EXERCISE OBJECTIVE
Using the listing below, set down exactly the lines starting at the line that contains "Затем добавим сметану" and ending at the line that contains "- Lisez l’accord", both included, and no others.

╭─ ENTRIES SHOWN

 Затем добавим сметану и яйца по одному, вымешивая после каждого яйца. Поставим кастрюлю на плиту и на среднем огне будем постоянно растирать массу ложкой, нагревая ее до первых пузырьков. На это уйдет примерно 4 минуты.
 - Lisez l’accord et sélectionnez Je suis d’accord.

╰─
╭─ ENTRIES SHOWN

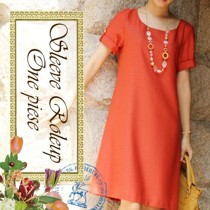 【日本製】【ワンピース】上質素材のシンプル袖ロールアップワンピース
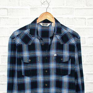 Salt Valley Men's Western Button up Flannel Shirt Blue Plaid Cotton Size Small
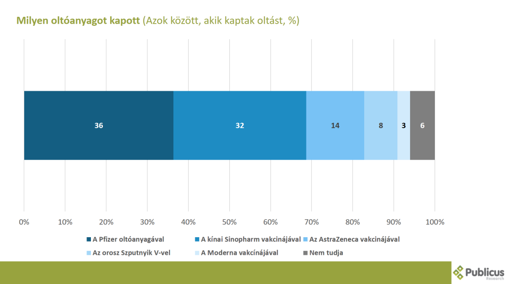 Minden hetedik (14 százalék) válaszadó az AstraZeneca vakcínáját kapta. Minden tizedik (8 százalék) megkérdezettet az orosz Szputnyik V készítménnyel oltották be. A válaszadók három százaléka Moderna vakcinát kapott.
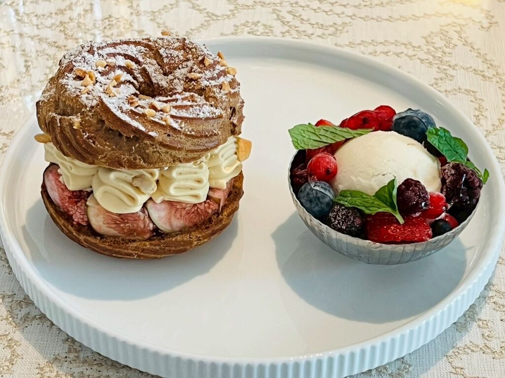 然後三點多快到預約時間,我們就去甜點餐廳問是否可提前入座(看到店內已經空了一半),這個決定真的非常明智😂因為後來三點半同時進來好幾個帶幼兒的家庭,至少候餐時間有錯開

╰─

EXERCISE SOLUTION
 Затем добавим сметану и яйца по одному, вымешивая после каждого яйца. Поставим кастрюлю на плиту и на среднем огне будем постоянно растирать массу ложкой, нагревая ее до первых пузырьков. На это уйдет примерно 4 минуты.
 - Lisez l’accord et sélectionnez Je suis d’accord.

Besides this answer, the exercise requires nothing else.